● **EXERCISE**
Take from the entries below the stretch from the line with "SAMOSTANSKI LISTIĆ 283" through the line with "Bottom: Sterling Rasumussen", and return it exactly, leaving the pictures out.

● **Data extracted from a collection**
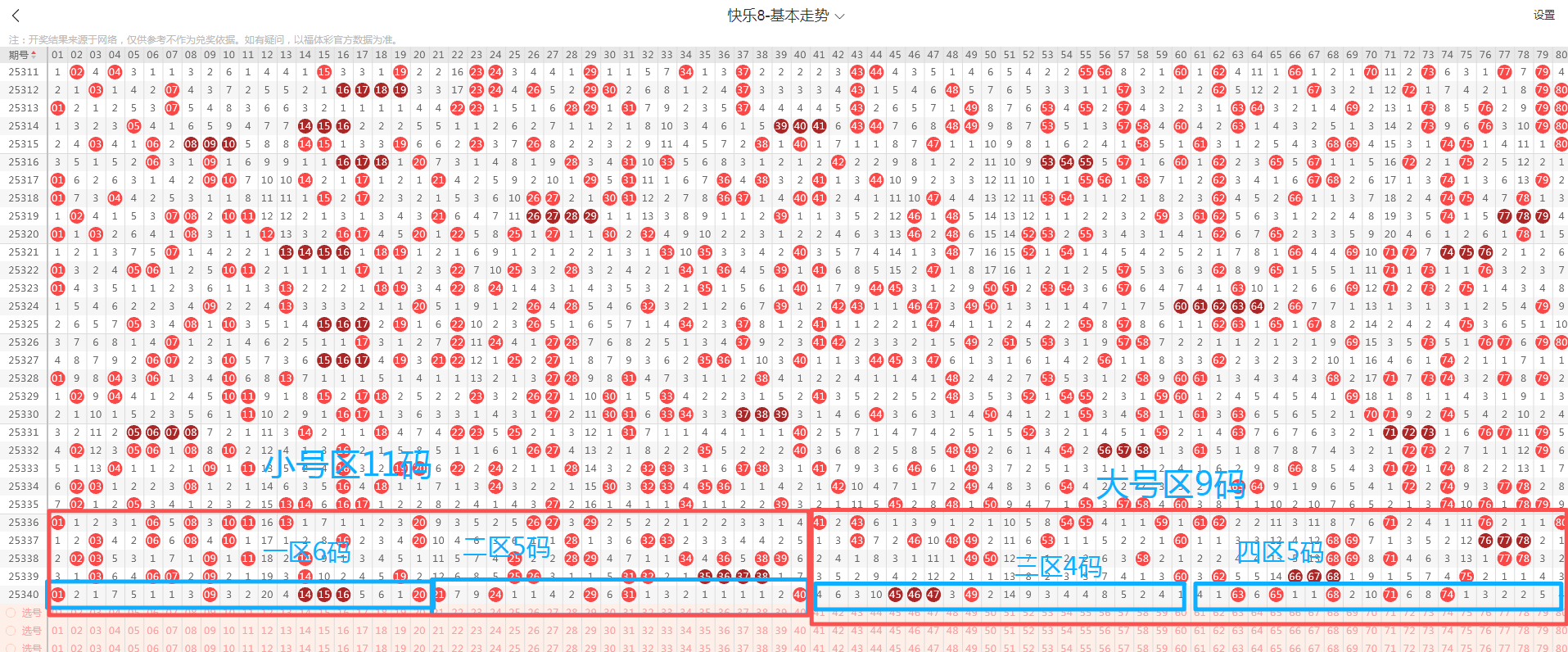 上图是快乐八2025340期区间走势图,从图中看到小号区(1-40)开出11个出奖号码,从开出数量上看与上期开出数量减少,热度上降温,从小号区近10期出号情况看,整体小号区前区近期偏温趋势;大号区(41-80)本期开出了9个出奖号码,从开出数量上看与上期开出数量增加,热度升温,从近期出奖号码个数看属于偏温态势,下期快乐八2025341期大号区号码大概率热度回温延续,大小区间主看大区号码热度回温概率较大,大小比具体区间比可参考11:9,防10:10的比例;再从细分区间来判断,按走势图四分区分成四个区间,一区(1-20)开出来的号码有6个;二区(21-40)开出来的号码有5个;三区(41-60)开出来的号码有4个 ;四区(61-80)开出来的号码有5个;数据上看本期出奖号码集中分布在一区。从号码落位区间形态上看,快乐八2025341期主看二、三区热度回暖的态势,落号几率较大,建议密切关注。
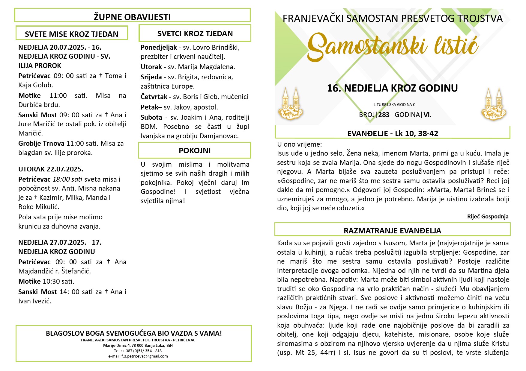 SAMOSTANSKI LISTIĆ 283 | 16. NEDJELJA KROZ GODINU
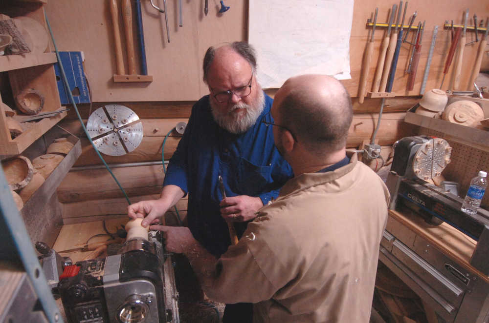 Bottom: Sterling Rasumussen teaches Lee Halstead how to turn a birch goblet on an electric lathe at a Kenai Peninsula Woodturner’s meeting at the “3 Guys, No Wood” workshop on Saturday.
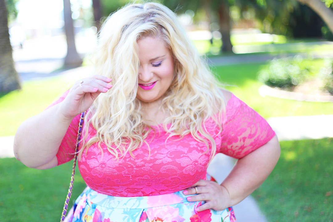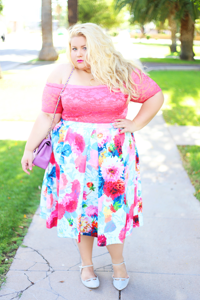 I paired this with an off the shoulder bodysuit [do size up, I’m wearing the UK24], grey flats and a lavender bag. The skirt fits true to size and I’m wearing a US 20. As I pulled these pieces together, I realized that simple Barbie makeup was the only way to go – I’m wearing a soft pink blush on my lids with a bright purple shadow on my lower lid for some depth. I grabbed my favorite pink lipstick and spritzed my hair with a dry oil spray.
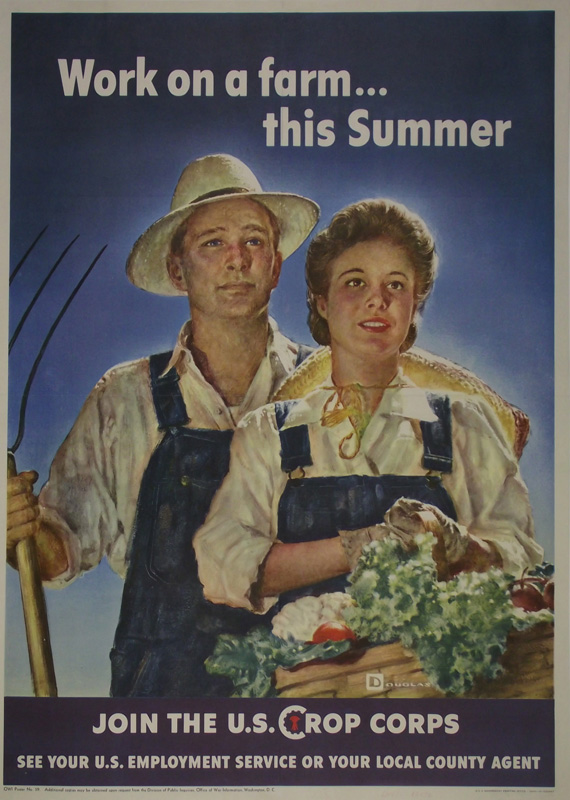 贴在这次我们有一些二战时期的海报。第一个是鼓励那些在后方的人在夏季为美国农作物军团(US Crop Corps)在农场工作,这样我们的海外部队就可以继续生产粮食。第二个更令人吃惊,暗示纳粹是基督教的敌人和威胁。第三件来自纽波特纽斯造船和干船坞公司,鼓励工人们继续生产,这样军队就有了需要的东西。
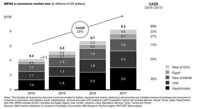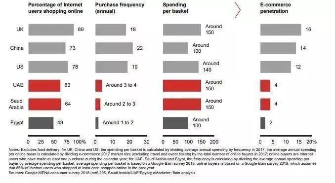 谷歌和贝恩咨询公司最近刚刚联合发布了2019年《中东电商报告》指出,自2014年来,中东北非电子商务每年增长25%,电商渗透率还比较低。
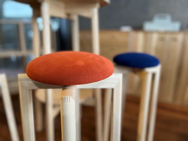 マッシュルームスツールはキッチンや洗面所などの「ちょっと腰掛けたい」という思いを叶えるスツールです。高さはL(650mm)、M(600mm)、S(550mm)、SS(500mm)の4種類。キッチンやカウンターでの使用にぴったりなサイズ感で、スタッキングもできるため収納時も場所を取りません。座面の張地は撥水性のあるスエード調人工皮革のため水場でも安心して使えます。全5色よりお選びいただけます。脚と幕板の接合部分にフィンガージョイントを採用して、金具なしでも十分な耐久性を確保。4本のネジで座面と脚を固定することで組み立てできるノックダウン式で、パッケージはそのままプレゼントすることもできるデザインです。
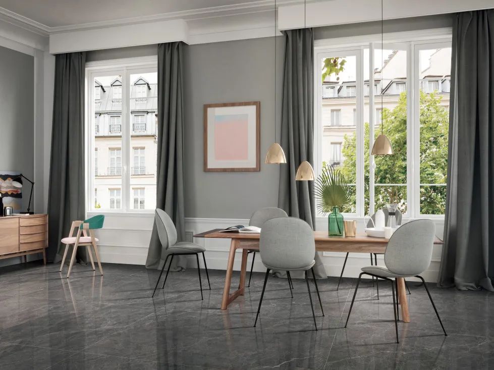 閃電灰”墻地?zé)o限延伸,憑一己之力便能打造出一個(gè)高質(zhì)感的現(xiàn)代簡約居室。
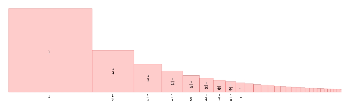 La somme des inverses des entiers naturels non-nuls (la série harmonique) tend vers l’infini (voir ici pour la preuve de Nicole Oresme). On dit que la série est divergente. Ainsi, \[\lim_{n\to \infty}\sum_{i=1}^{n}\frac{1}{i}=\infty\]Le grand Euler a montré (une première fois à vingt-huit ans dans une preuve particulièrement eulérienne en 1735, puis à nouveau avec une preuve plus rigoureuse en 1741) que la somme des inverses des carrés des entiers naturels non-nuls converge vers une valeur, aussi surprenante soit-elle d’ailleurs, cette valeur. C’est le problème de Bâle. On écrit \[\lim_{n\to \infty}\sum_{i=1}^{n}\frac{1}{i^{2}}= \frac{\pi^{2}}{6}\]Deux séries intimement liées, l’une divergente, l’autre convergente. Avec cette malice toute mathématique, on décide d’accoler un carré de côté \(1\) et d’aire \(1\) à un carré de côté \(\frac{1}{2}\) et d’aire \(\frac{1}{4}\). On accole ensuite un carré de côté \(\frac{1}{3}\) et d’aire \(\frac{1}{9}\). Puis on accole un carré de côté \(\frac{1}{4}\) et d’aire \(\frac{1}{16}\). On continue le processus aussi longtemps qu’on le souhaite tel qu’illustré dans l’image ci-dessous …
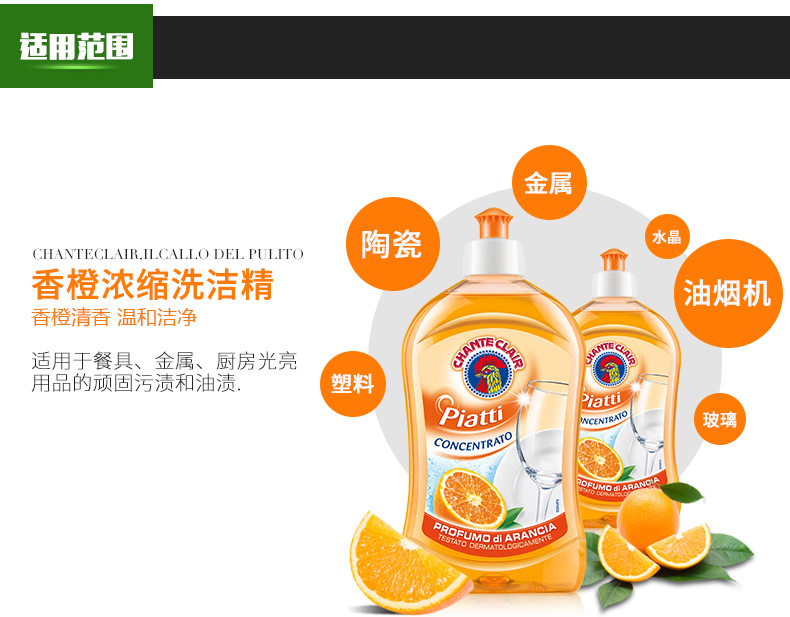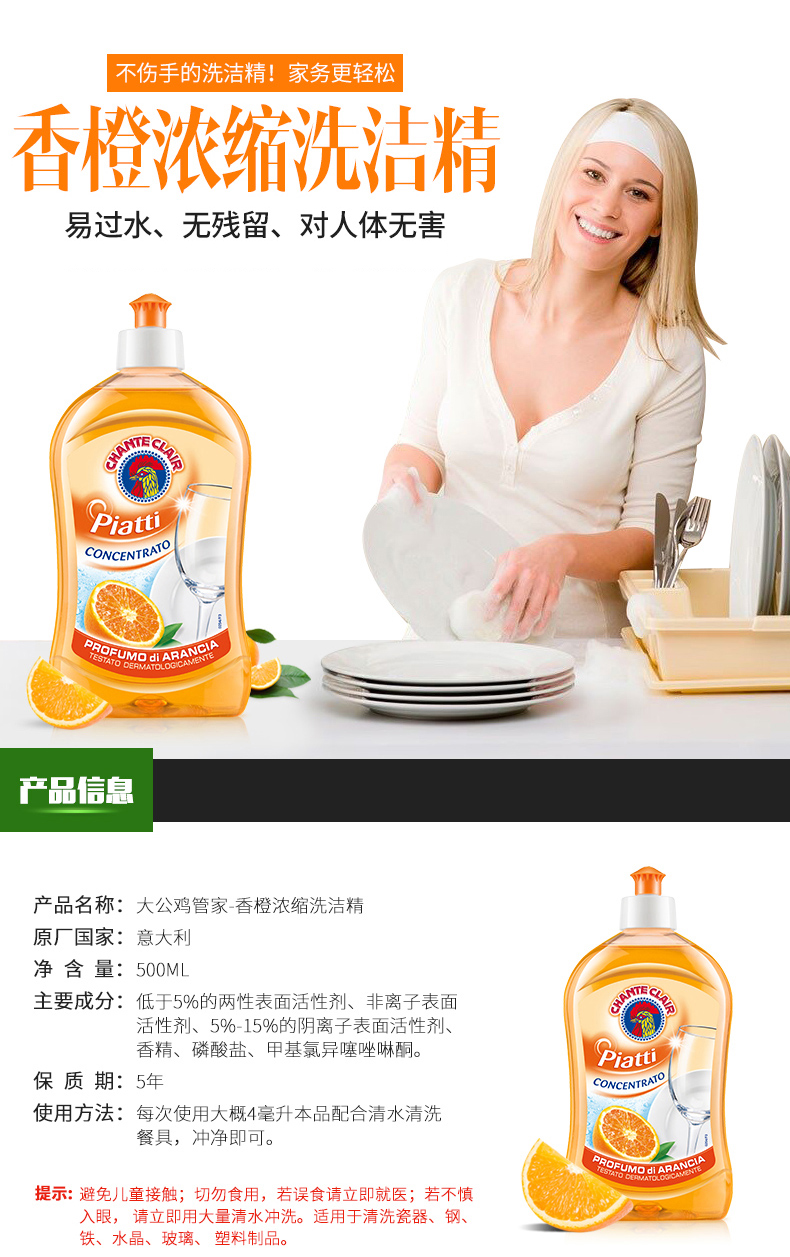 CHANTECLAIR 大公鸡管家 浓缩香橙洗洁精 护手润肤 (意大利进口) 500ml
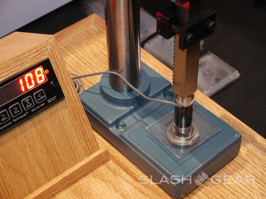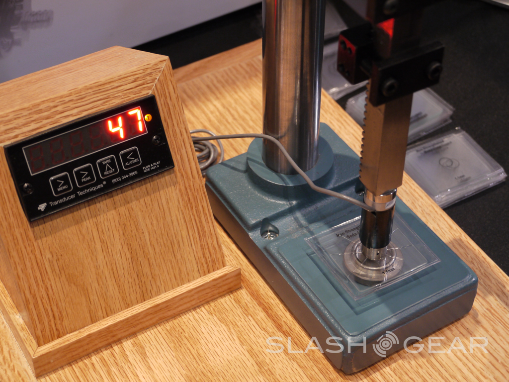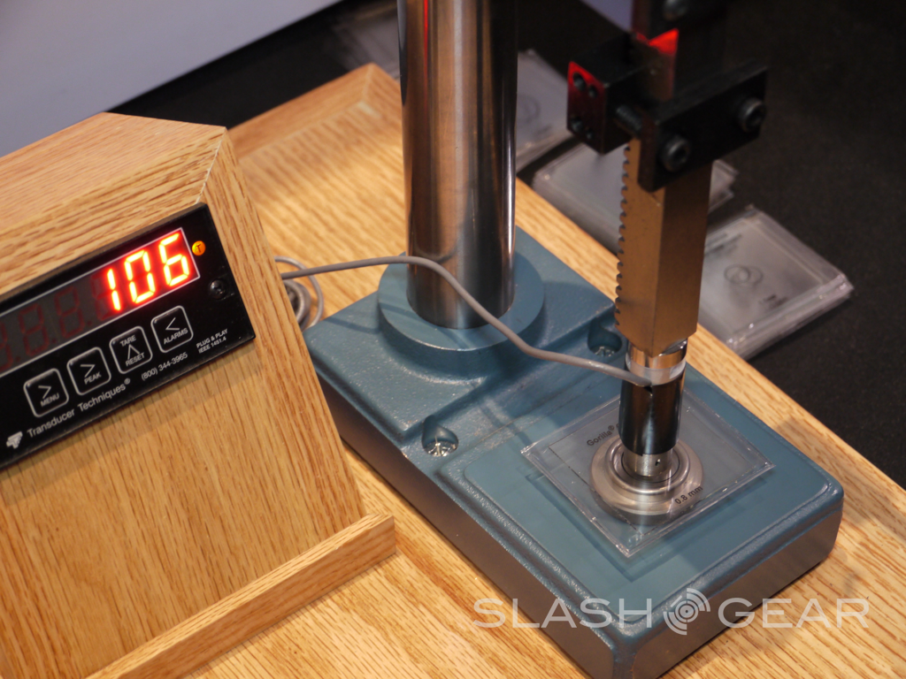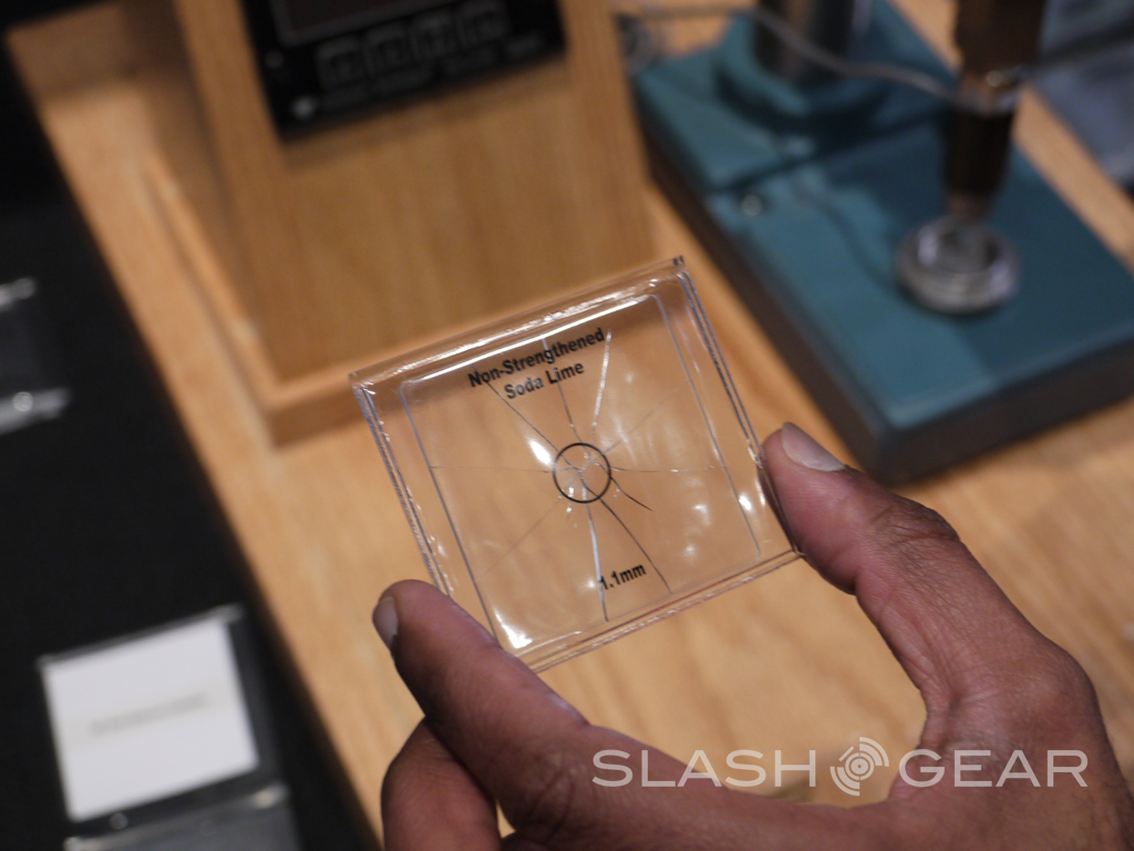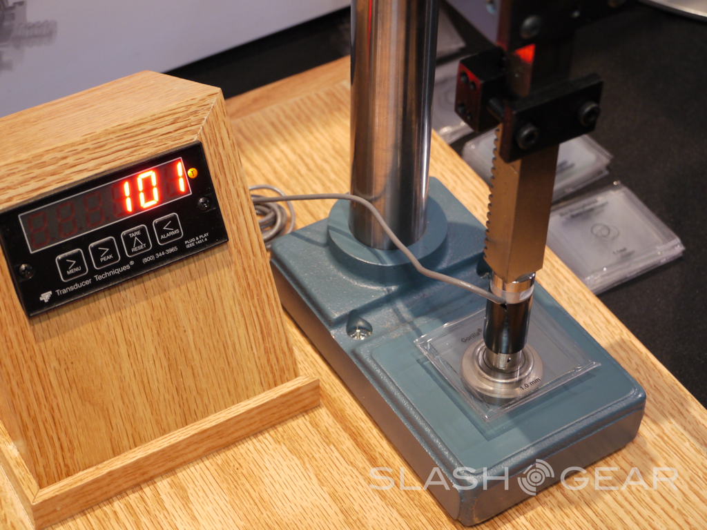 Tonight at the CES Pepcom event we gave it a try and even pushed our hardest but it just wouldn't give. The new and improved Gorilla Glass 2 has more than a few improvements. According to our tests, and Corning, their new formula and fortified glass is around 20% stronger and 20% thinner. This will bring us thinner and smaller devices from tablets, smartphones, and everything else in between. They didn't mention scratch tests, or show them — but I was told the compacted process should help preserve those precious screens even better than before.
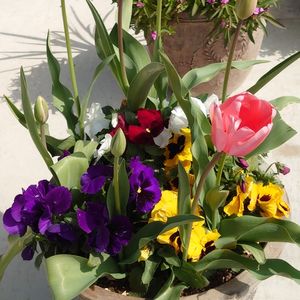 🏷毎月8日は鉢の日🌷 一週間前は蕾だったチューリップも、一気に開花しました😊 紫色、黄色のパンジーとのコントラストが綺麗です😊💗💜💛
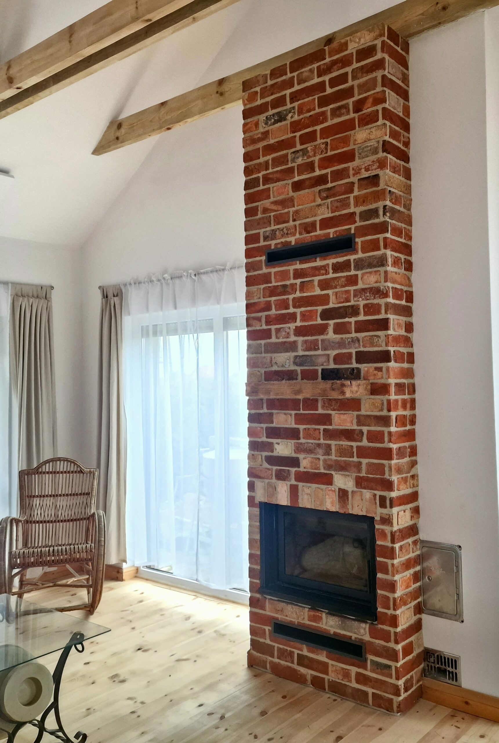 W realizacji wykorzystano wkład kominkowy marki La Nordica oraz cegłę w kolorze czerwonym.

● **TASK ANSWER**
 SAMOSTANSKI LISTIĆ 283 | 16. NEDJELJA KROZ GODINU
 Bottom: Sterling Rasumussen teaches Lee Halstead how to turn a birch goblet on an electric lathe at a Kenai Peninsula Woodturner’s meeting at the “3 Guys, No Wood” workshop on Saturday.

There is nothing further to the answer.